Behind Silicon Valley’s favorite hyper-rational philosophy lies a totalitarian worldview that contradicts democracy and human dignity.

What do the now convicted crypto billionaire Sam Bankman Fried, a large part of the workforce of the chat GPT company Open AI and the initiators of the open letter calling for a six-month pause in the development of artificial intelligence (AI) have in common?

Like many Silicon Valley giants, they adhere to effective altruism: a philosophical movement that appeals to reason and ethics. It is gaining influence in the USA and is also specifically targeting young talent in Switzerland. It’s high time to take a closer look at their ideas. Because what sounds innocent or even reasonable at first glance is actually a totalitarian worldview that undermines democracy.

Intuition and empathy often contradict reason

Let’s start at the beginning. In 1972, the philosopher Peter Singer set up a thought experiment: Imagine you are walking along a pond and see a child in danger of drowning. Do you save it, or hesitate because you might ruin your clothes?

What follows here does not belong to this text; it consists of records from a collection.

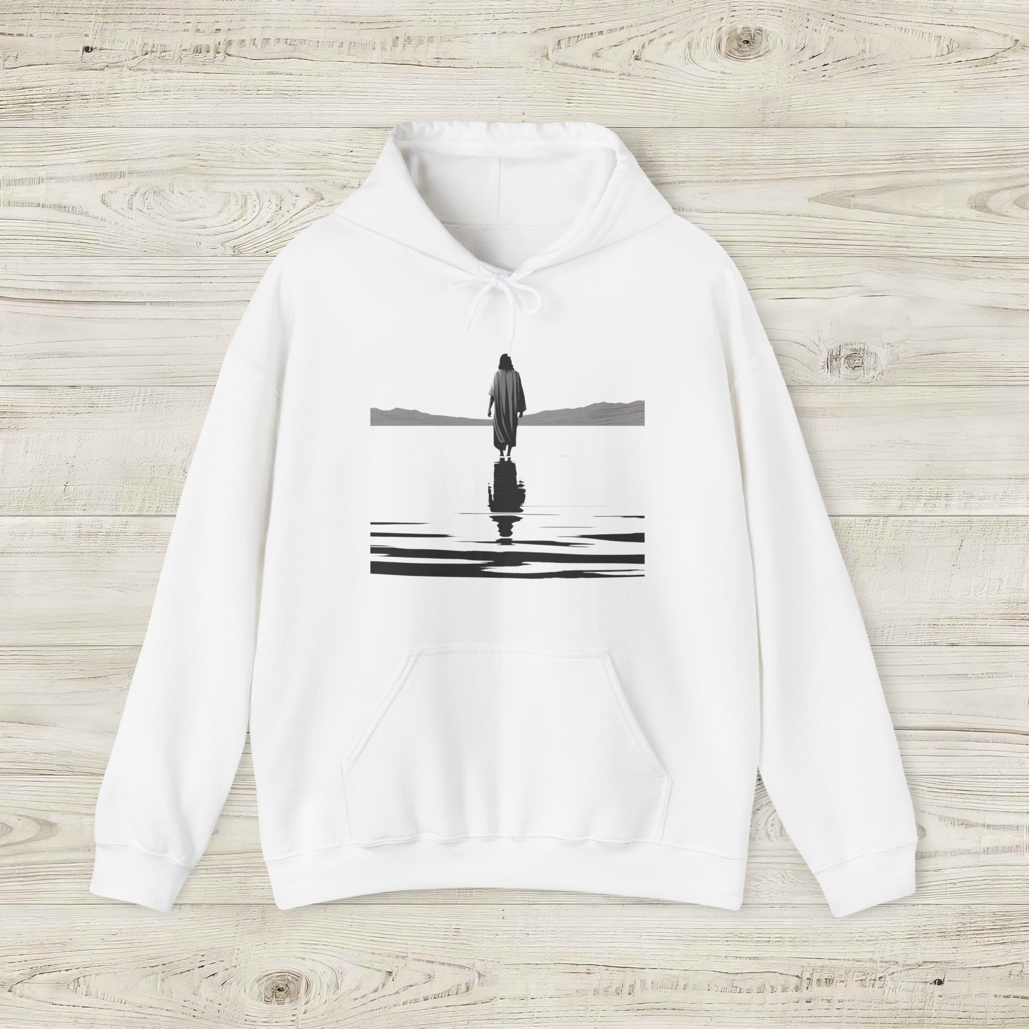The minimalist and modern design showcases the awe-inspiring event when Jesus defies the laws of nature, calming the storm and reaching out to his disciples.
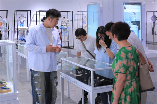 与会人员参观学校优秀毕业设计作品展、走访各二级学院。谢逸涵 摄
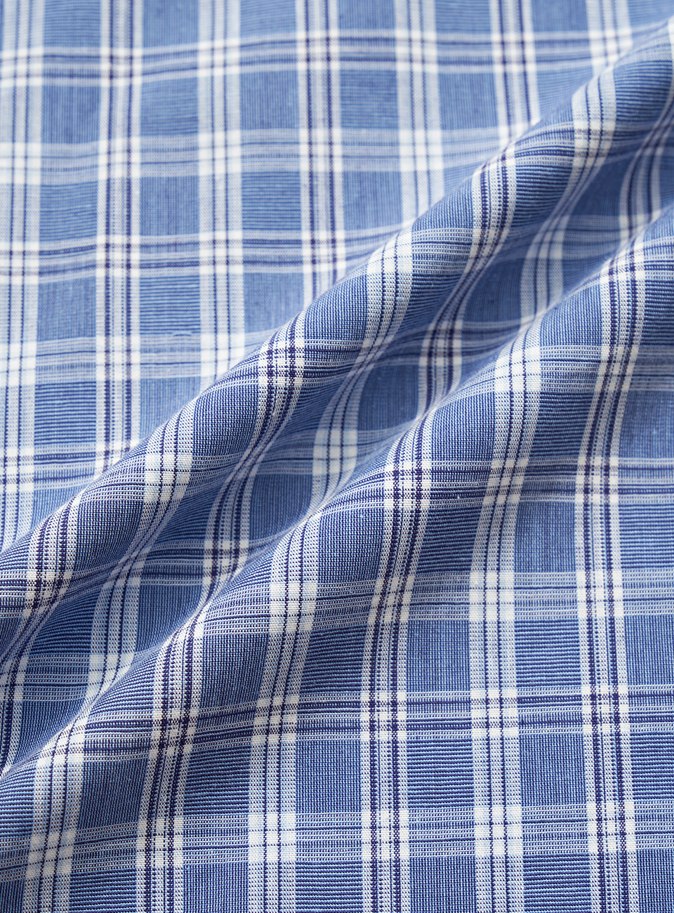 ブルーカラーのチェックパターンと柔らかな質感が特徴のコットンファブリック
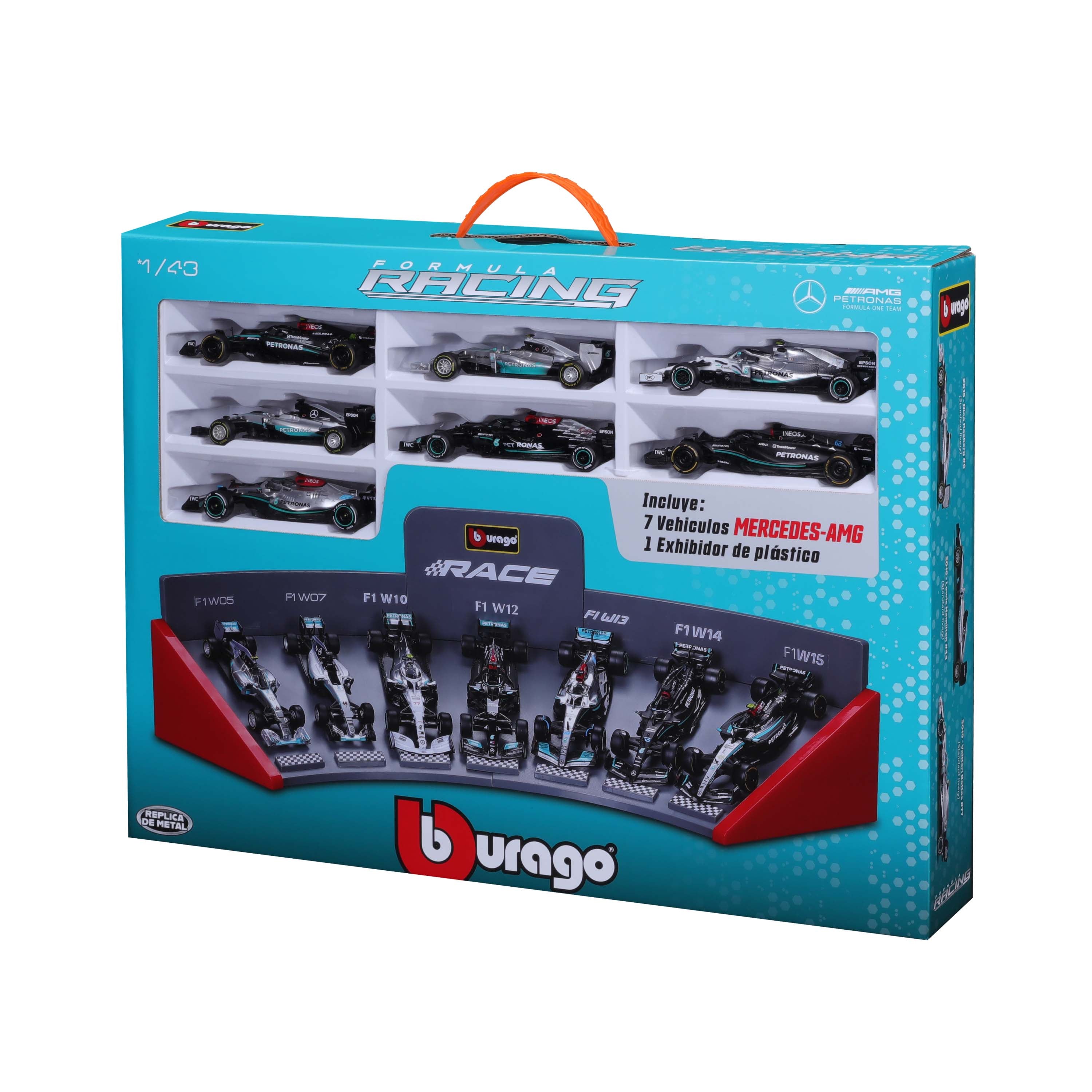 Showcase your passion for racing with the 1:43 F1 Mercedes AMG Deluxe Gift Set, complete with a sleek display stand. This detailed set is a fantastic display piece for fans and collectors who love the thrill of Formula 1.
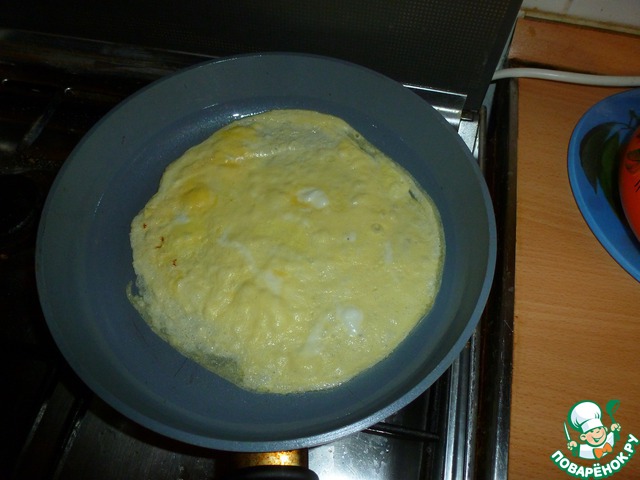 На сковороде с растительным маслом из слегка взбитых яиц готовим омлет. Желательно, чтоб он был потоньше (у меня 4 яиц хватает на 2 большие сковородки).

Of course, no one would doubt that the child can be saved. Singer then asks: What about all the children who die of hunger or malaria? He thinks that if we buy expensive shoes instead of donating money for them, it is as bad as letting the child drown. Because why should proximity and distance play a role in morality?

Singer is a radical representative of the ethical current of utilitarianism. The basic idea: Whether an action is good or bad depends solely on its consequences: whether buying shoes or lying – it’s not about the activity itself, but about its effects, more precisely, whether it increases happiness in the world as a whole or reduced.

His thought experiment is intended to show that intuition and empathy are not always reliable guides to ethics. He calls for more consideration, more reason.

In the 2000s, young philosophers took up the idea and popularized it. The school of thought particularly appeals to young people who love mathematics and facts. They start discussing in online forums: How should one live in order to achieve the maximum amount of good? Who should you give your donations to in order to achieve maximum impact? Effective altruism is born.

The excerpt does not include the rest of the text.